Я решил ждать на месте. Заблудившийся человек не должен носиться как угорелый. Его найдут, если он останется на том месте, где его потеряли. Плотный воздух был неестественно теплым, замерзнуть я не замерзну, даже если прожду до самого вечера.
Зря я соблазнил Йожку отправиться на эту прогулку. Когда я напрасно прождал Ливу у автобусу, мне вдруг захотелось посмотреть, как она поживает у себя на Партизанской хате. Метель застала нас на полпути. Мы хотели вернуться коротким путем, перевалив через первую гору, но погода ухудшалась так быстро, что вскоре мы сбились с пути. Наш дом должен быть совсем близко.
Совсем близко! Но в какой стороне? Я знаю округу хорошо, но ведь не могу же я знать каждую несчастную сосенку! По этим четырем паршивым деревцам, например, что хлещут меня мокрыми ветками, я вообще не могу ориентироваться. А дальше ничего не видно.

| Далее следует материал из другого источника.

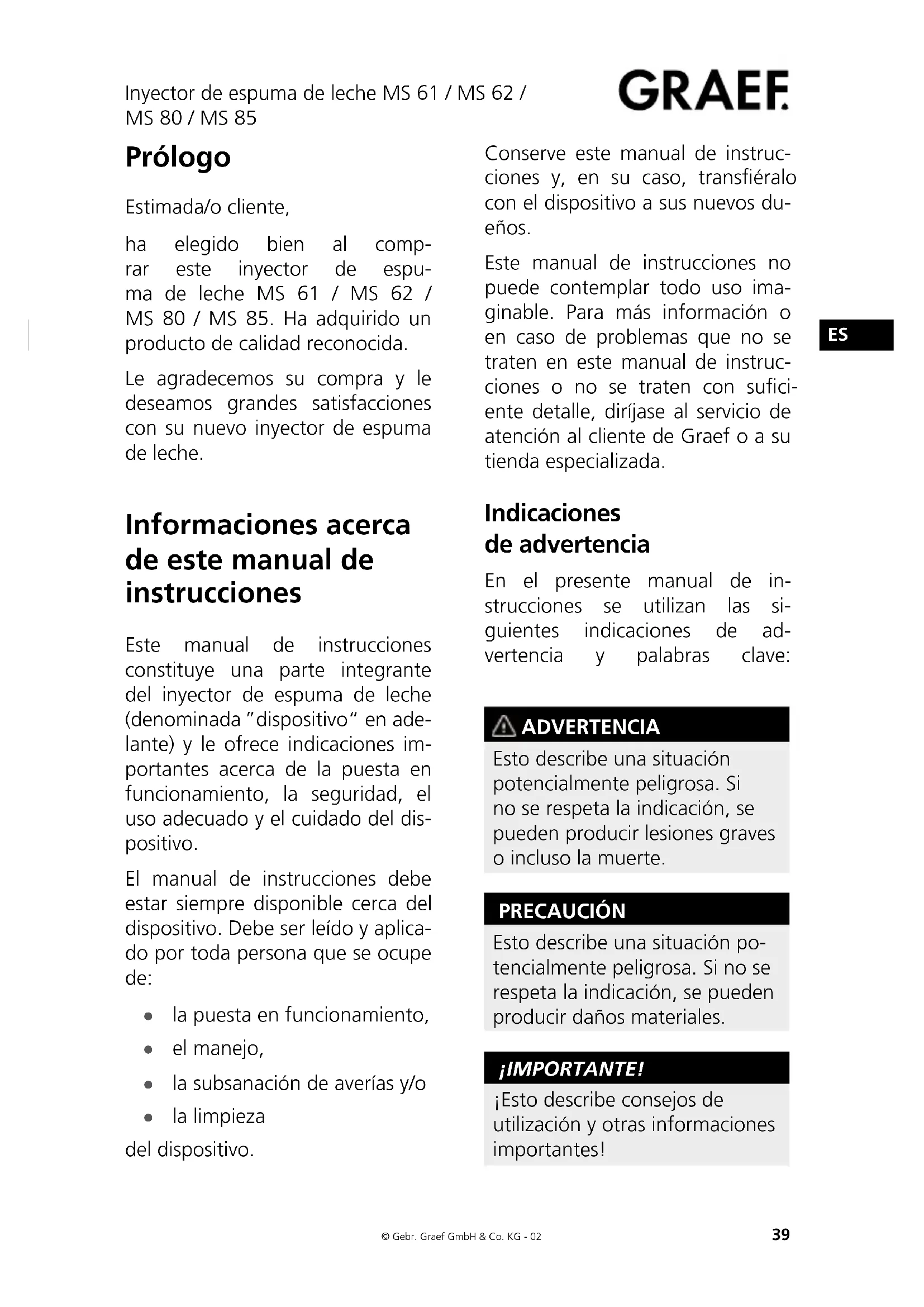 Prólogo Estimada/o cliente, ha elegido bien al comp- rar este inyector de espu- ma de leche MS 61 / MS 62 / MS 80 / MS 85. Ha adquirido un producto de calidad reconocida. Le agradecemos su compra y le deseamos grandes satisfacciones con su nuevo inyector de espuma de leche. Informaciones acerca de este manual de instrucciones Este manual de instrucciones constituye una parte integrante del inyector de espuma de leche (denominada ”dispositivo“ en ade- lante) y le ofrece indicaciones im- portantes acerca de la puesta en funcionamiento, la seguridad, el uso adecuado y el cuidado del dis- positivo. El manual de instrucciones debe estar siempre disponible cerca del dispositivo. Debe ser leído y aplica- do por toda persona que se ocupe de: ● la puesta en funcionamiento, ● el manejo, ● la subsanación de averías y/o ● la limpieza del dispositivo. Conserve este manual de instruc- ciones y, en su caso, transéralo con el dispositivo a sus nuevos du- eños. Este manual de instrucciones no puede contemplar todo uso ima- ginable. Para más información o en caso de problemas que no se traten en este manual de instruc- ciones o no se traten con suci- ente detalle, diríjase al servicio de atención al cliente de Graef o a su tienda especializada. Indicaciones de advertencia En el presente manual de in- strucciones se utilizan las si- guientes indicaciones de ad- vertencia y palabras clave: ADVERTENCIA Esto describe una situación potencialmente peligrosa. Si no se respeta la indicación, se pueden producir lesiones graves o incluso la muerte. PRECAUCIÓN Esto describe una situación po- tencialmente peligrosa. Si no se respeta la indicación, se pueden producir daños materiales. ¡importante! ¡Esto describe consejos de utilización y otras informaciones importantes!Inyector de espuma de leche MS 61 / MS 62 / MS 80 / MS 85

Эх, сидеть бы нам дома! Побегать на лыжах на холме за домом, поразить туристов бешеным слаломом. Там нам нет равных. Ведь мы тот холм исколесили вдоль и поперек по меньшей мере сто тысяч раз. А начнись метель, мы шмыг в дом!
Но я уже с самого утра думал про то, как завтра или послезавтра заявится долгожданная Яна, и мне Йожку не видать как своих ушей. Поэтому я и заманил его на Партизанскую хату. Хотя слыхал, как отец предупреждал туристов, чтобы не ходили далеко: барометр падает и при этих постоянных оттепелях могут быть лавины. Я, честно говоря, подозревал, что отец хитрит: говорит так, чтобы туристы не расходились и заказали побольше обедов.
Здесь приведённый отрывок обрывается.